EXERCISE GOAL: Images are to be excluded, and the rest of the data repeated exactly.

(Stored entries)
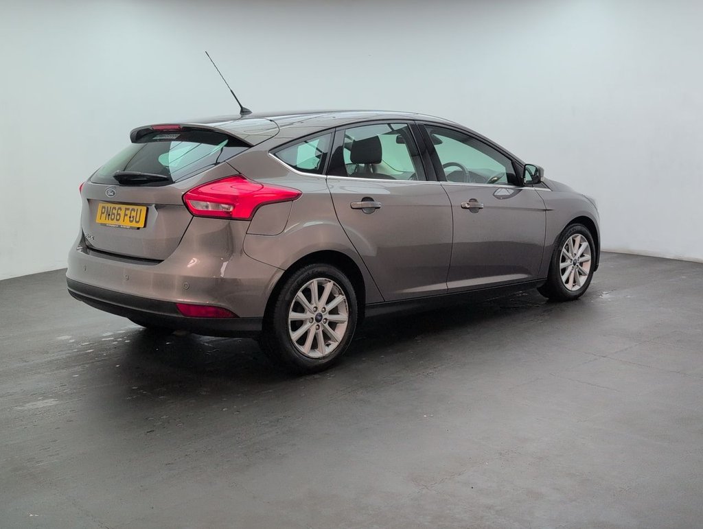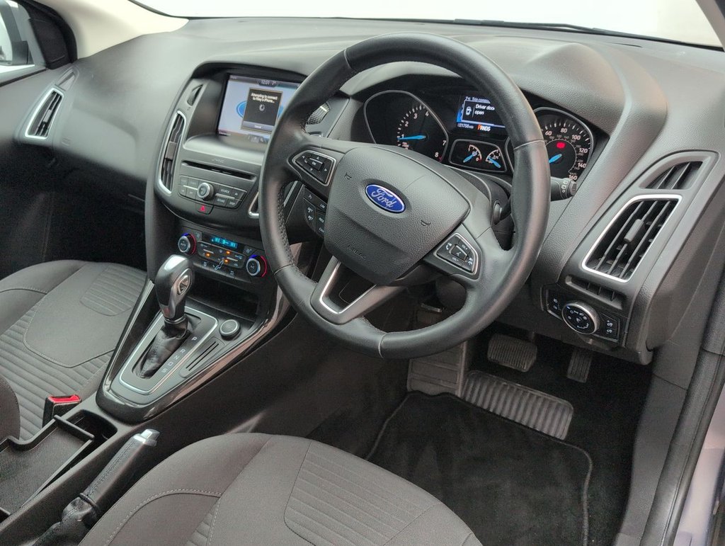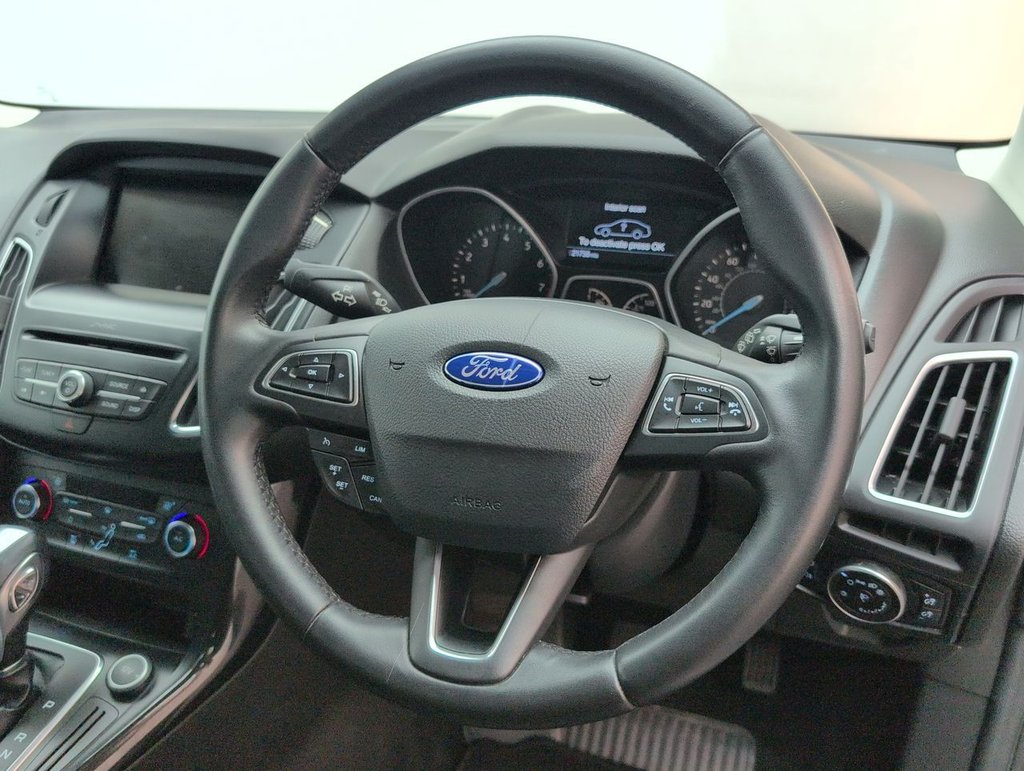 16" alloys, Air conditioning, Bluetooth, Cruise control and Hill start assist. The Ford Focus Titanium is a versatile and well-equipped hatchback that combines modern design, advanced technology, and smooth, efficient performance. Powered by a 1.6-litre petrol engine (125PS) with a Powershift automatic gearbox, it delivers a relaxed and responsive drive, making it ideal for both city commutes and longer journeys.
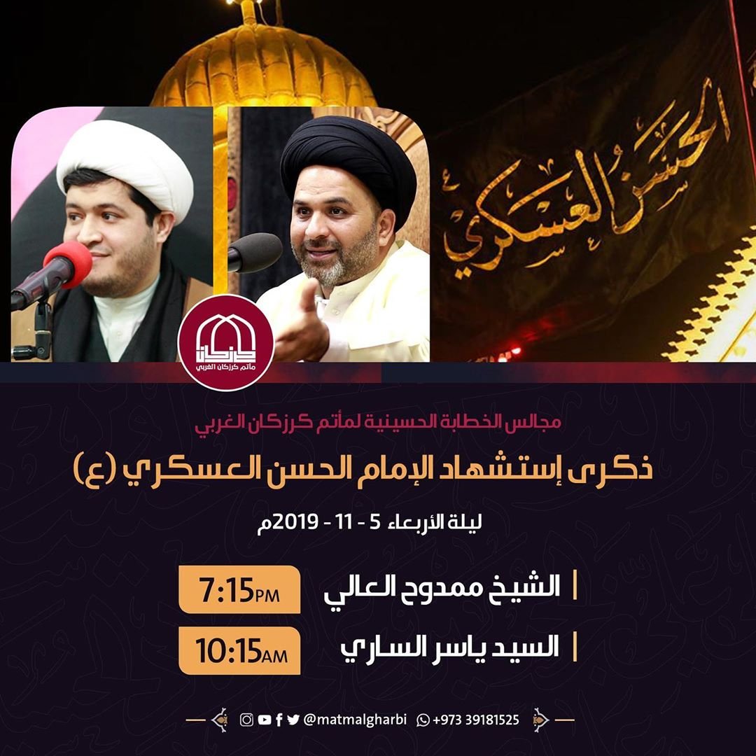 برنامج الخطابة لمأتم كرزكان الغربي في ذكرى إستشهاد الإمام الحسن العسكري(ع) . . …
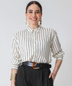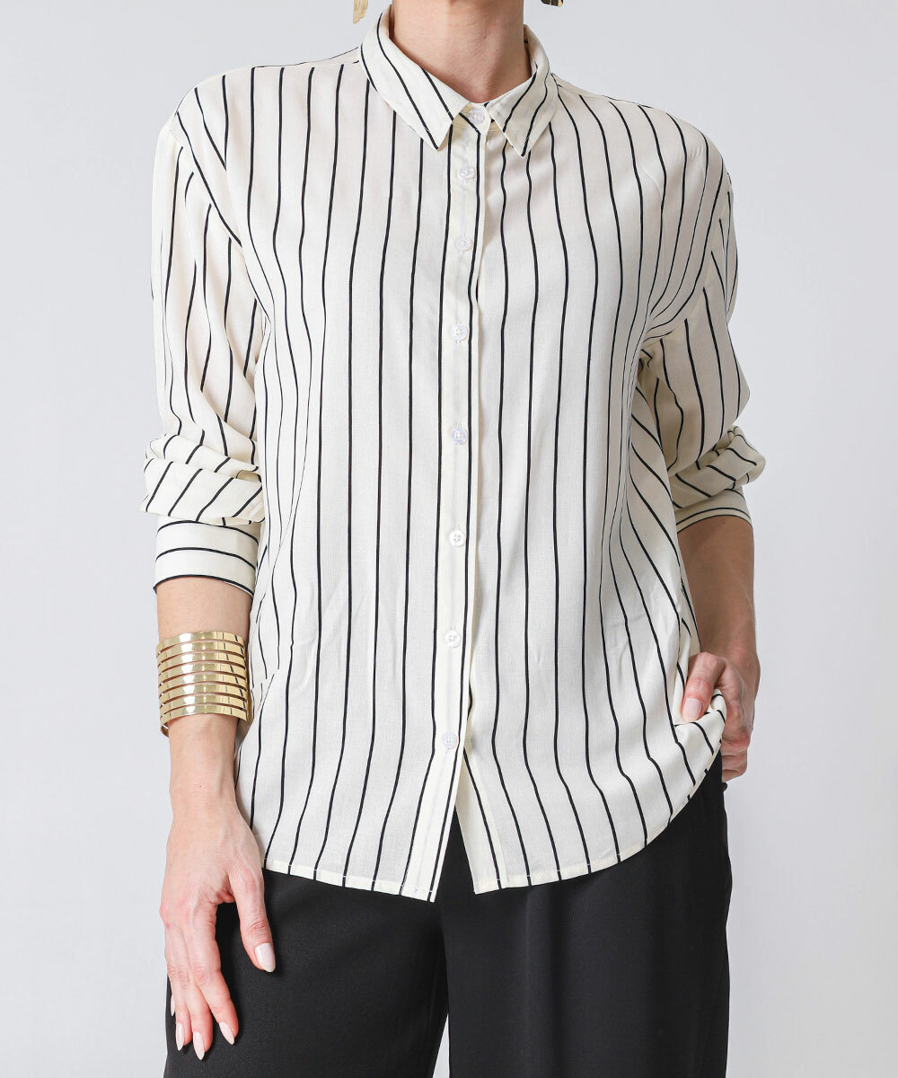 Camisa Feminina Listrada Manga Longa Marisa Bege
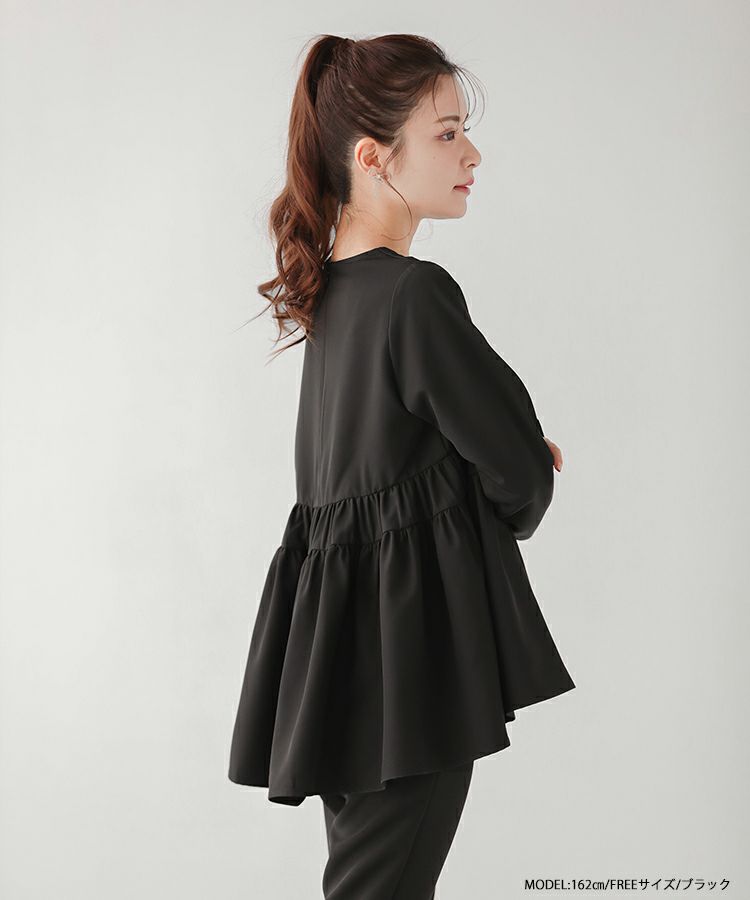 高めのウエスト位置からふんわりと広がるペプラムシルエットで
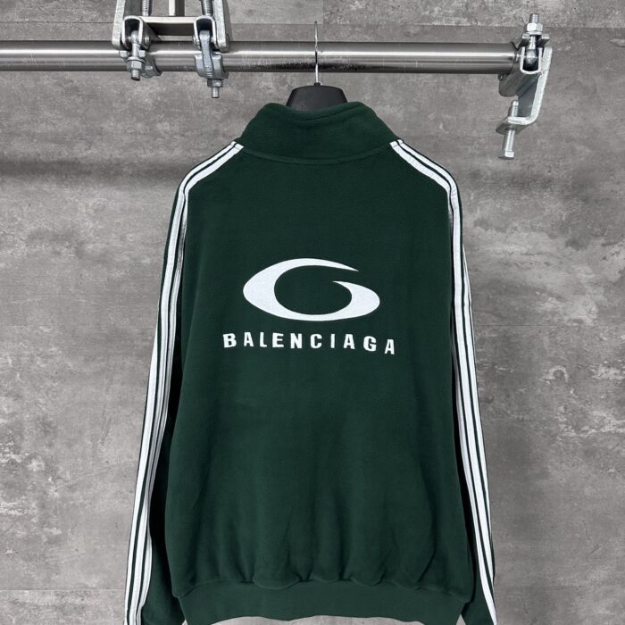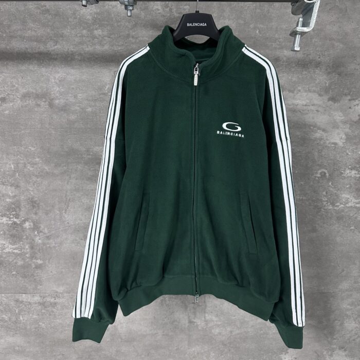 Balenciaga バレンシアガ フリース トラックジャケット ロゴ刺繍 ストライプ入り グリーン
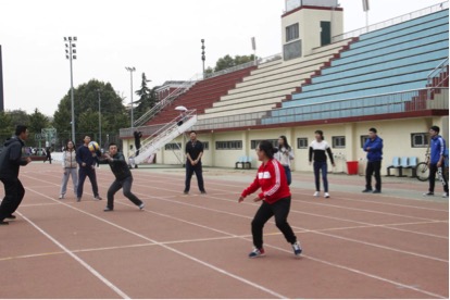 最后的项目为“躲避球”。报名的同学被分成两组,每组派两名队员在外场接应,每当有人被球打中,即加入本组的外场队伍中。本场比赛十分激烈,经过一系列攻防后,一组选手凭借着场内和场外队员的默契配合获得了最终的胜利。
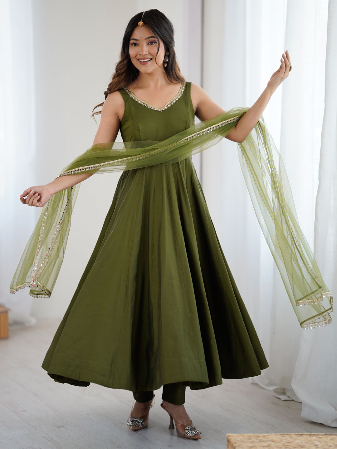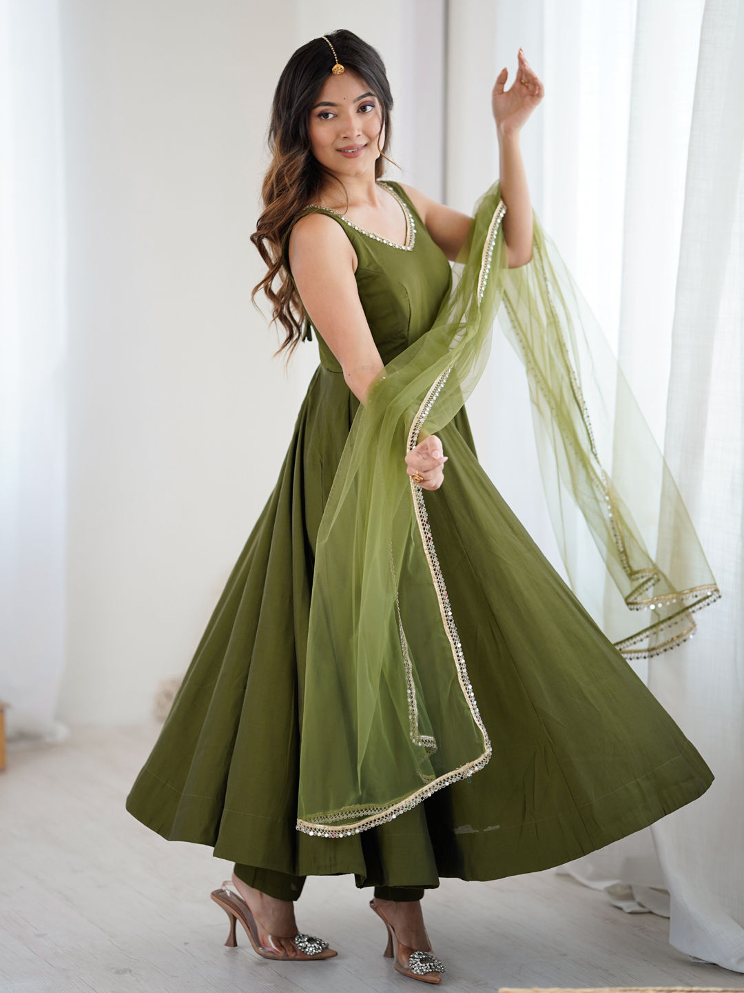 Green color Salwar Kameez in Roman Silk fabric with Lace work
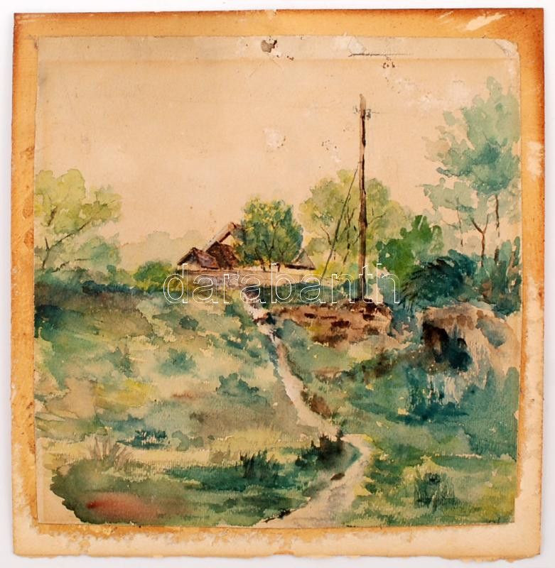 Beschreibung: Jelzés nélkül: Ösvény a faluhoz. Akvarell, papír, jelzett, hibás, 18×18 cm

ANSWER SPACE:
 16" alloys, Air conditioning, Bluetooth, Cruise control and Hill start assist. The Ford Focus Titanium is a versatile and well-equipped hatchback that combines modern design, advanced technology, and smooth, efficient performance. Powered by a 1.6-litre petrol engine (125PS) with a Powershift automatic gearbox, it delivers a relaxed and responsive drive, making it ideal for both city commutes and longer journeys.
 برنامج الخطابة لمأتم كرزكان الغربي في ذكرى إستشهاد الإمام الحسن العسكري(ع) . . …
 Camisa Feminina Listrada Manga Longa Marisa Bege
 高めのウエスト位置からふんわりと広がるペプラムシルエットで
 Balenciaga バレンシアガ フリース トラックジャケット ロゴ刺繍 ストライプ入り グリーン
 最后的项目为“躲避球”。报名的同学被分成两组,每组派两名队员在外场接应,每当有人被球打中,即加入本组的外场队伍中。本场比赛十分激烈,经过一系列攻防后,一组选手凭借着场内和场外队员的默契配合获得了最终的胜利。
 Green color Salwar Kameez in Roman Silk fabric with Lace work
 Beschreibung: Jelzés nélkül: Ösvény a faluhoz. Akvarell, papír, jelzett, hibás, 18×18 cm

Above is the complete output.